- Game cover
- Developer: Nintendo EAD
- Publisher: Nintendo
- Composers: Masaharu Iwata Mitsuhiro Kaneda Kimihiro Abe Azusa Chiba Noriyuki Kamikura Yoshimi Kudo
- Platform: Wii
- Release: JP: December 17, 2009;
- Genre: Trivia
- Modes: Single-player, Multiplayer

= NHK Kōhaku Quiz Gassen =

2009 video game

NHK Kohaku Quiz Kassen (ＮＨＫ紅白クイズ合戦, NHK Kouhaku Kuizu Kassen, NHK Red & White Quiz Battle) is a trivia game developed and published by Nintendo in cooperation with NHK Enterprises. It was released on December 17, 2009 in Japan only.

== Gameplay ==
Players use Miis as playable characters. Players answer questions about NHK television series.
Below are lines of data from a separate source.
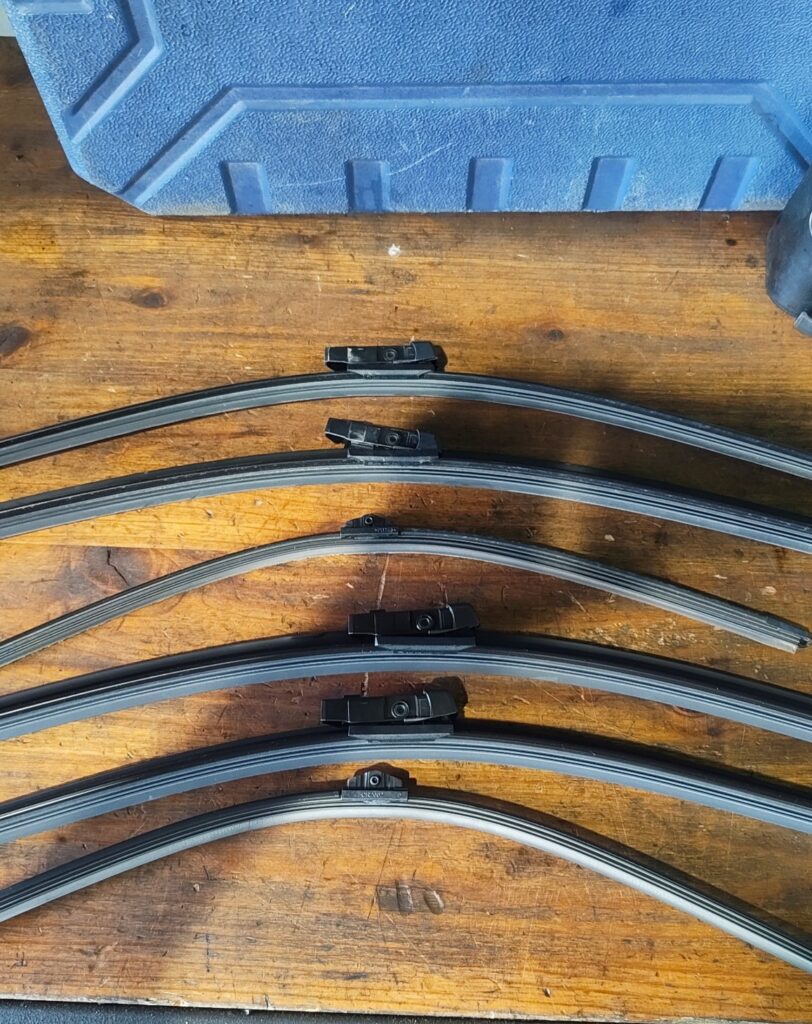 ④フロント・リア両方のワイパーブレード交換を実施しました。(写真中央、新旧の比較)
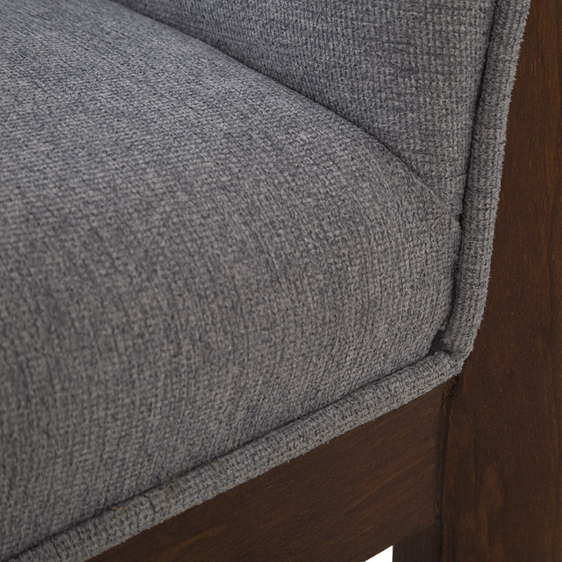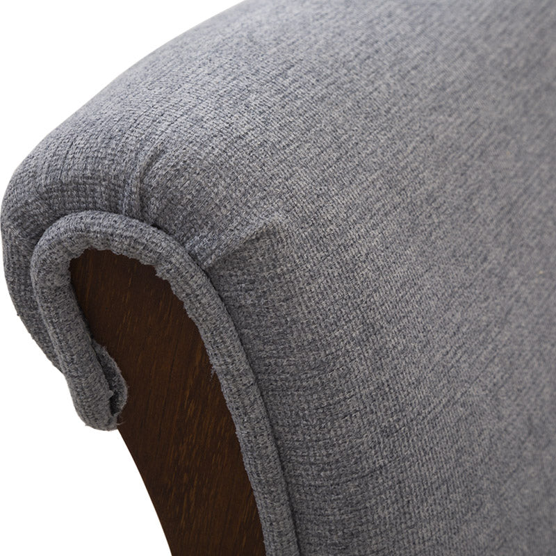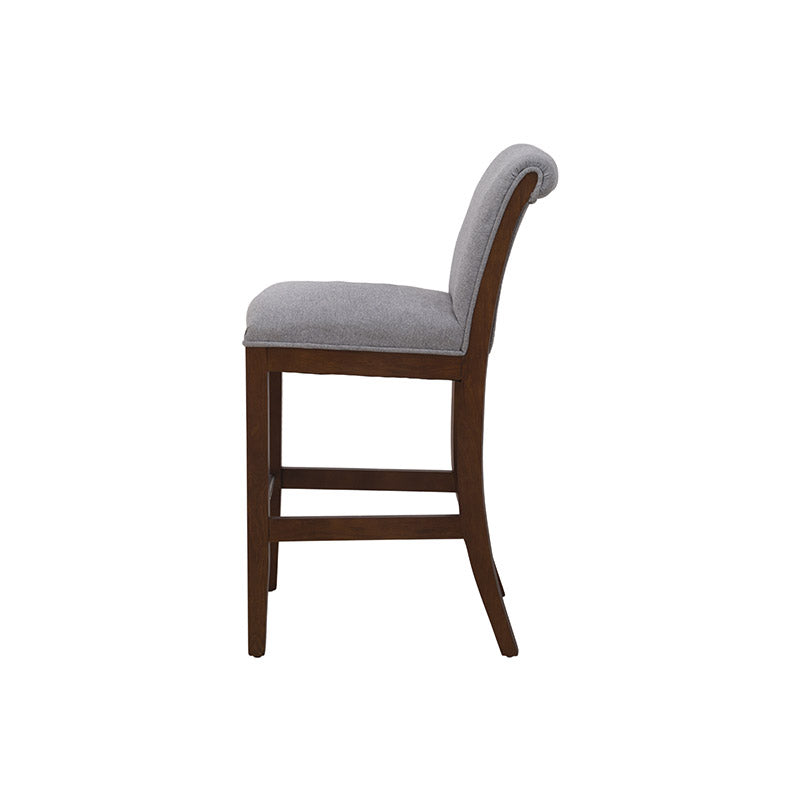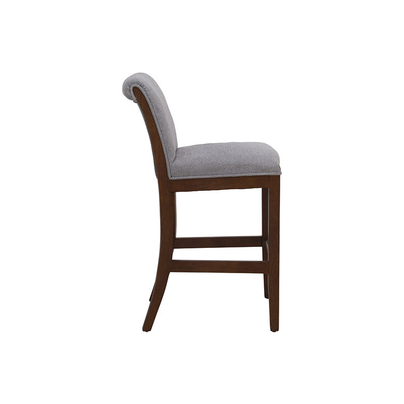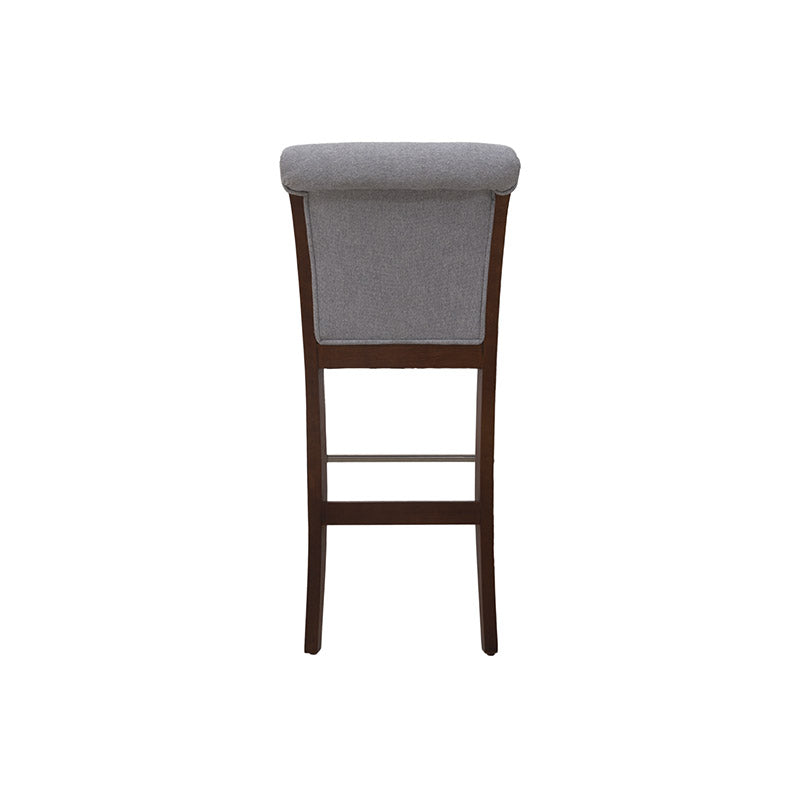 Fabricado en madera de pino con acabado en okume oscuro, destaca por la calidez de sus tonos y la solidez de su estructura. Su asiento tapizado en suave tela Monach TP Gaia Silver aporta un toque contemporáneo y refinado, además de una sensación de comodidad ideal para prolongar las charlas o disfrutar un buen vino.
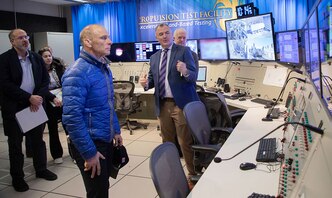 Rhode Island Secretary of Commerce Stefan Pryor (from left), Elaine Bryant of Divergent Technologies, and Kevin Czinger, founder and executive chairman of Divergent Technologies, a California-based additive manufacturing company, listen to Naval Undersea Warfare Center Division Newport’s Chief Technology Officer Dr. Jason Gomez explain the work executed in the Propulsion Test Facility during a tour held on Jan. 16, 2026.
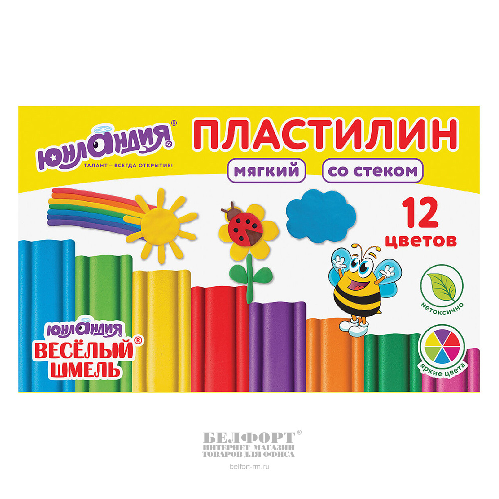 Пластилин мягкий 12цв, 180г, восковой, Юнландия, "Веселый шмель", со стеком
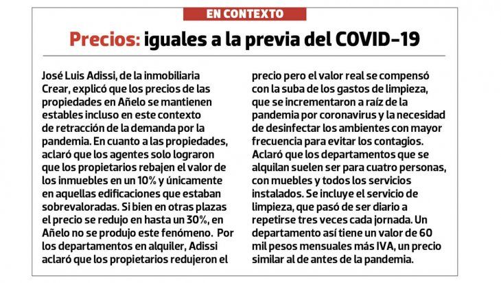 Si bien la actividad es casi nula en la compra y venta y muy reducida en el rubro de alquileres, Adissi aclaró que los precios se mantienen estables y que no han tenido reducciones (ver aparte). A su vez, indicó que esperan una recuperación paulatina hacia fin de año.

Each player or team gains points for answering correctly and loses points for answering incorrectly.

== Types ==
There are many game types in this game:

=== Original-type ===
- Kohaku Quiz Kassen
- Remote Panic Q
- Quiz Ring Match
- Rakki Slot Quiz
- Ota no Shimi Visual Quiz
- NHK Quiz 100

=== NHK-type ===
- ジェスチャー ( Gesture )
- クイズ面白ゼミナール ( Quiz Omoshiro Seminar, Quiz Interesting Seminar )
- 連想ゲーム ( Renso Game, Word Association Game )
- ためしてガッテン ( Tameshite Gatten, Science For Everyone )

== Wii Remote Share ==
Six players playing together will be divided onto two teams, being the Red and White teams, and each team shares only one Wii Remote.